In the end, the fully converged result can (like for graphene) resemble a calculation with less accurate settings. But for an unknown system and novel results, you cannot know if the soft modes (or the lack of them) are a true physical (in)stability or a sign of unconverged settings unless you do a proper convergence study.

Does this clarify what you see in the tutorial?
Best regards,
Marie-Therese

[reynaldo.putra]

Hello,

Yes, I think so, thank you! So if I am understanding this correctly, this is more likely due to the coarser k-mesh density of the 5x5x1 calculation, rather than the 5x5x1 being the proper size of the supercell.

Now I have some follow-up questions.

• If I were to calculate larger supercells, how do I ensure the k-mesh density uniformity? Let's say to move to from a 2x2x1 k-point mesh to a 1x1x1 mesh.

• What is considered a proper convergence study? What are the general steps we need to take to do a proper convergence study? Do we start from the ionic relaxation stage? Or does it have more to do with the phonon calculations? (I apologize if this question sounds vague/naive, I am more or less fumbling around in order to understand...)

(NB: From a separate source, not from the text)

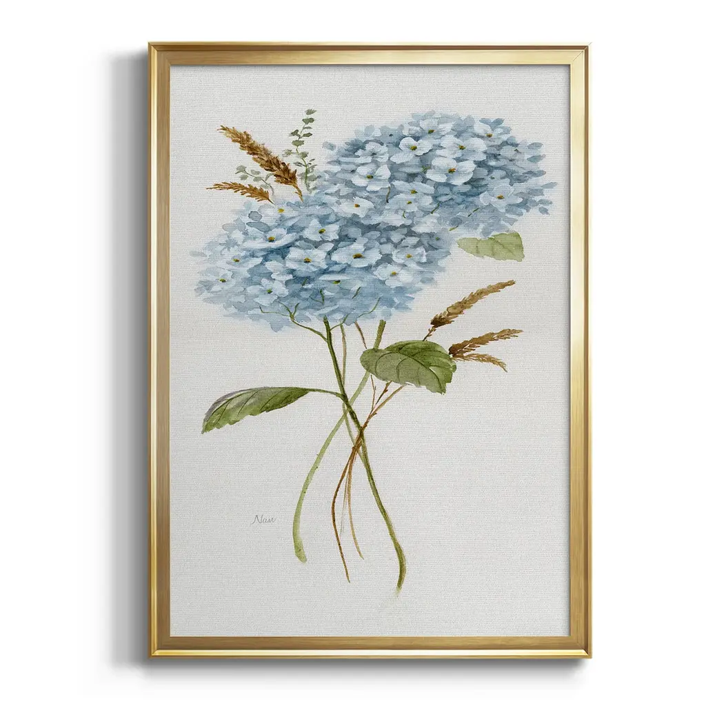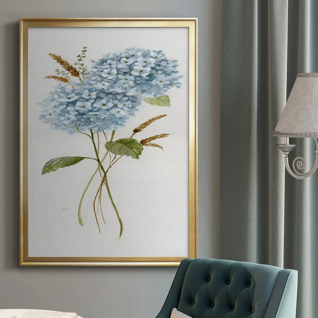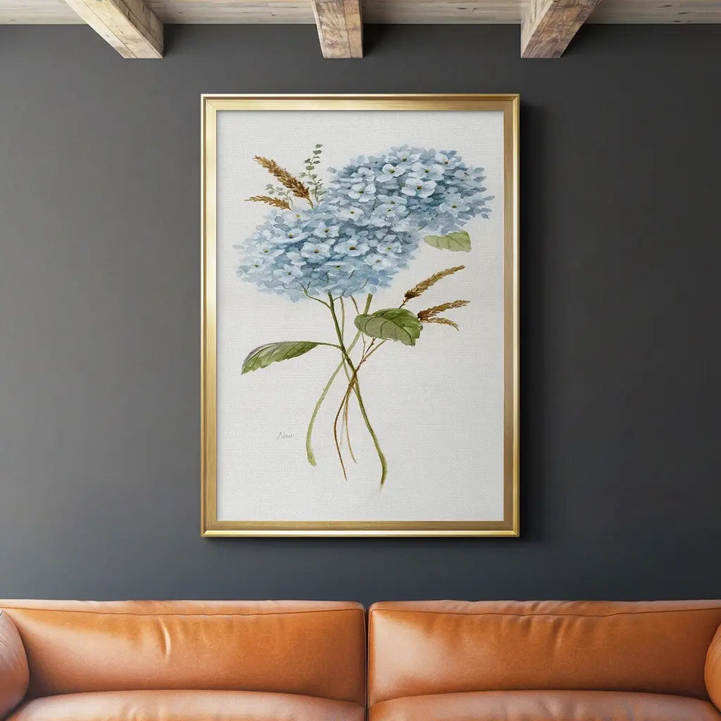 Petite Blue Hydrangea I Premium Framed Print - Ready to Hang A Premium Framed Print created to last. Framed in distressed wood and available in an array of sizes and colors Featuring a beveled a solid wood stretcher bar, each piece comes ready to hand 4 SIZES AVAILABLE 30.5''X42.5'' - Overall Size 26.5'X36.5'' - Overall Size 22.5''x30.5'' - Overall Size 18.5''x24.5'' - Overall Size Each piece is made to order. Each piece comes with hanging hardware. Made in the USA Ready to Hang

Also, I have a separate question, still related to the tutorial.
The section after the explanation of why the 5x5 supercell has a different dispersion pattern is the following:

As we have mentioned before, at the q points commensurate with the supercell the phonon frequencies are computed exactly. All the other points are obtained through interpolation. To illustrate this better, we show how increasing the size of the supercell corresponds to sampling the Brillouin zone with a Γ centered k point mesh. Shown below are the plots of the reciprocal Brillouin zone with the k points generated from a regular sampling of the Brillouin zone corresponding to a certain supercell size.

(followed by the attached image)

Does this explanation about interpolation of points outside of the supercell has something to do with why the dispersion patterns can have soft modes if the cell size is not large enough? I'd like to ensure I am understanding this correctly.

Thank you!

[marie-therese.huebsch]

If I were to calculate larger supercells, how do I ensure the k-mesh density uniformity? Let's say to move to from a 2x2x1 k-point mesh to a 1x1x1 mesh.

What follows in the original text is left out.